All day I had been walking about the city without seeing it, and suddenly now Sudek's photographs, even the private, interior studies, showed it to me, in all its stony, luminous solidity and peculiar, wan, absent-minded beauty. Here, with this sheaf of pictures on my knees, I had finally arrived.
Josef Sudek was born in the Bohemian town of Kolin in 1896 where in later years he would take some of his most evocative, Proustian pictures. His father died when he was three, and his mother moved the family to Prague. At fifteen he was apprenticed to a bookbinder in Nymburk, and later to one in Prague. At the outbreak of the First World War he was drafted into the army and sent to the Italian front, where a shell detonated by gunners from his own side damaged his right arm so badly that it had to be amputated. So ended his bookbinding career, before it had properly begun. When he was capable of being moved he was sent back to Prague and was lodged in the Veterans' Hospital to undergo a lengthy convalescence. He had already developed an interest in photography, and had taken his camera with him to the front and made numerous studies of his fellow soldiers and of the Italian countryside. In his lifetime he ventured abroad only once more, and that was to revisit Italy, and the scene of his wounding: 'Far outside the city toward dawn, in the fields bathed by the morning dew, I finally found the place. But my arm wasn't there...'
Faced now with the problem of finding work, Sudek spurned the government's offer that he should become a street vendor selling cigarettes and tobacco for the State monopoly. Instead, he tried to eke out his army pension by hawking photographs on the Prague boulevards. His time as a street seller did not last long, for he had no professional training as a photographer and could not secure the necessary tradesman's certificate. However, one of the staff at the Veterans' Hospital, Dr Nedoma - spiritual cousin, surely, to Van Gogh's Dr Gachet - had spotted Sudek's potential, and determination, and succeeded in having him enrolled in the photography class of the Prague School of Graphic Arts. Despite the disapproval of his conservative professor, Karel Novak - 'a noble gentleman,' as Sudek would later wryly describe him - he got through the course, and received a certificate establishing him as a professional photographer in 1924. Thereafter, his work came to the attention of a publish ing house,
Prace (Co-operative Work), which began to give him freelance commissions, enabling him to move into a little studio - hardly more than a garden shed, really - on Ujezd, between Mala Strana and the river, which was to be both his workplace and his home for the next thirty years of his life.

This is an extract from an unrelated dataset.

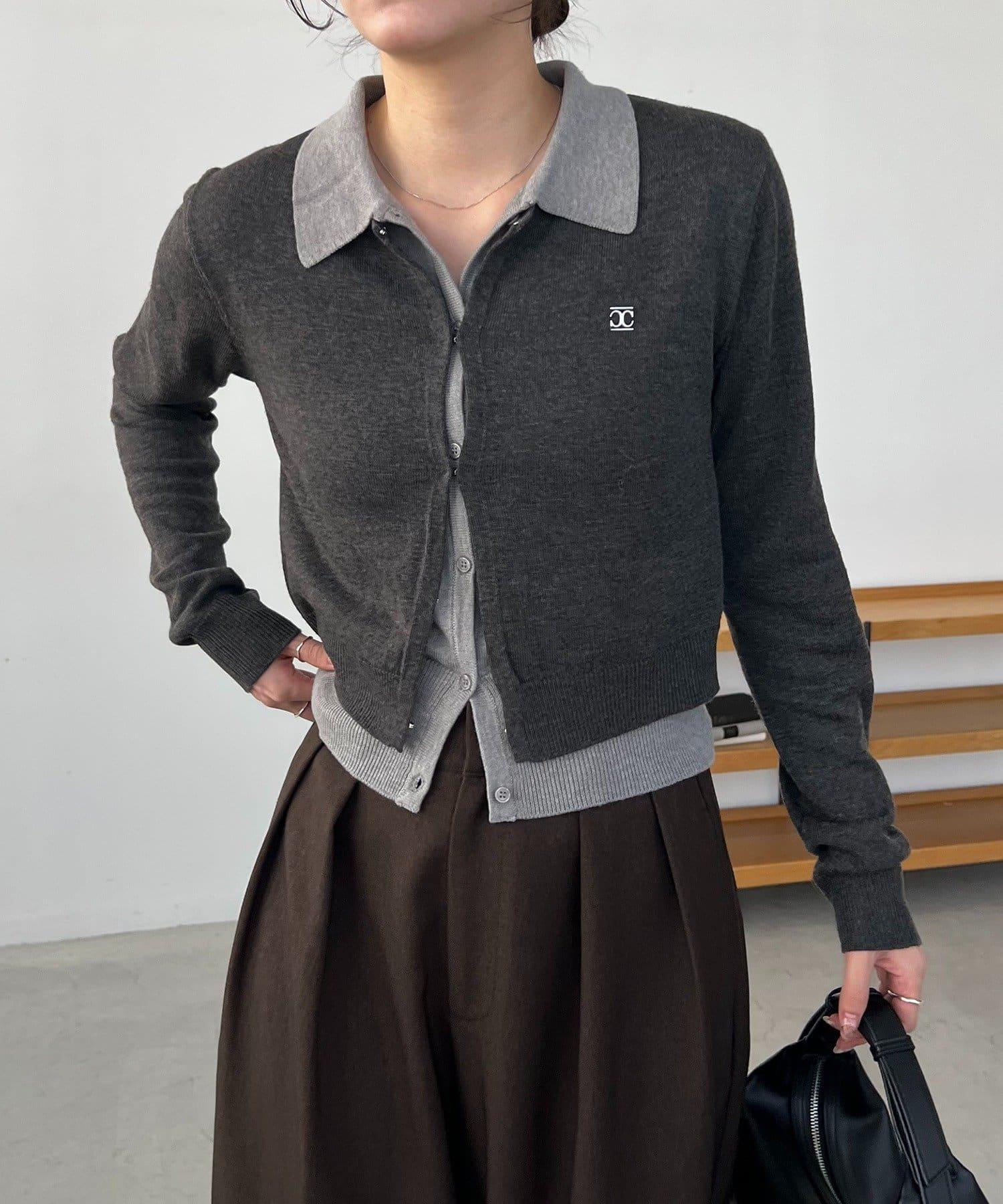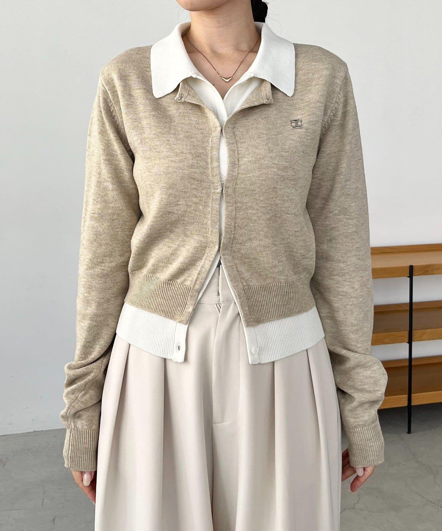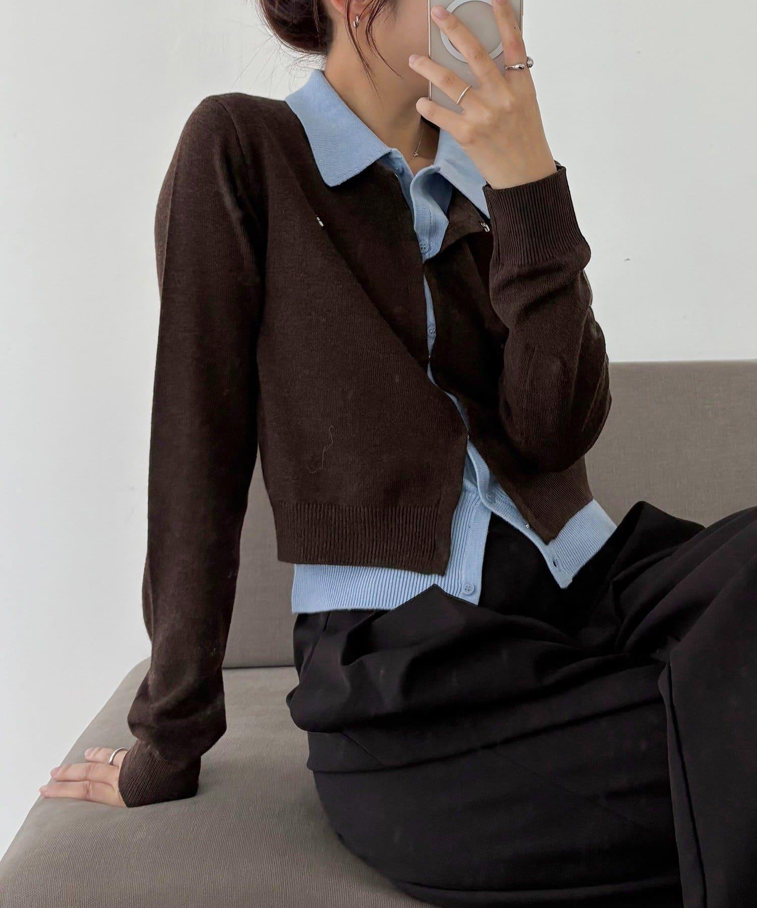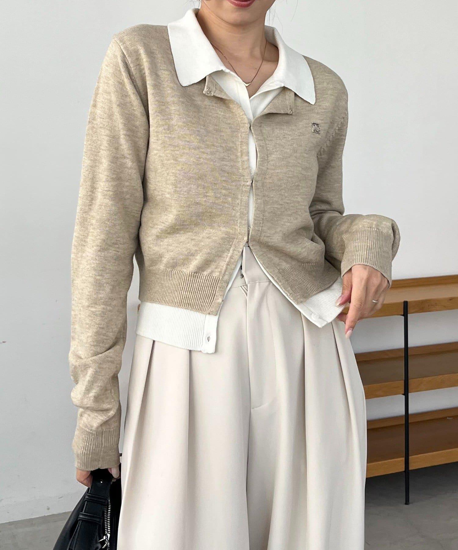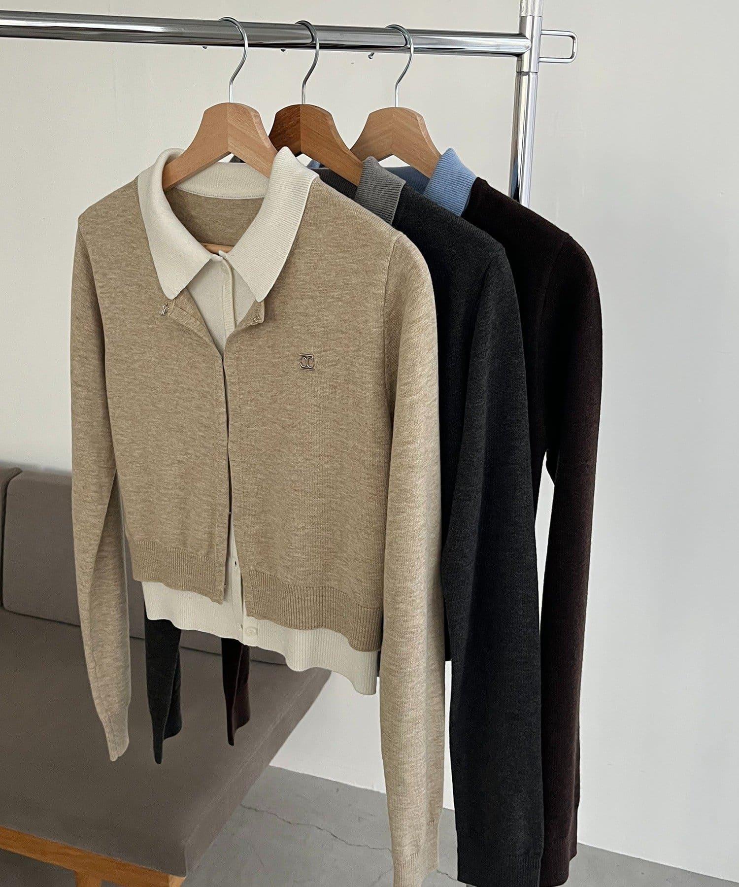在有領針織衫上疊加鉤扣開衫的正裝單品。

The studio was already equipped with photographic equipment, most of it antique pieces from the previous century, which Sudek found perfectly congenial; after all, he was himself a relic of the nineteenth century, if not an earlier era. In the late 1940s he found a camera, a Kodak panoramic, dating from 1894, which might have been made to his specifications, although it had only two shutter speeds. It was a big, awkward brute, but it was his brute, and he loved it, not least for the fact that it was two years older than he was. That even with only one arm he managed to haul it about the city and the countryside is a matter of some amazement, but haul it he did, taking some of his finest pictures, including the series 'Vanished Statues', 1952-1970, stark, austerely beautiful studies of crippled trees that he chanced upon in his rambling through the forests near where he was born. It is perhaps too obvious, given Sudek's poised reticence as an artist, to see in the many images he fixed of these maimed giants a composite, covert self-portrait.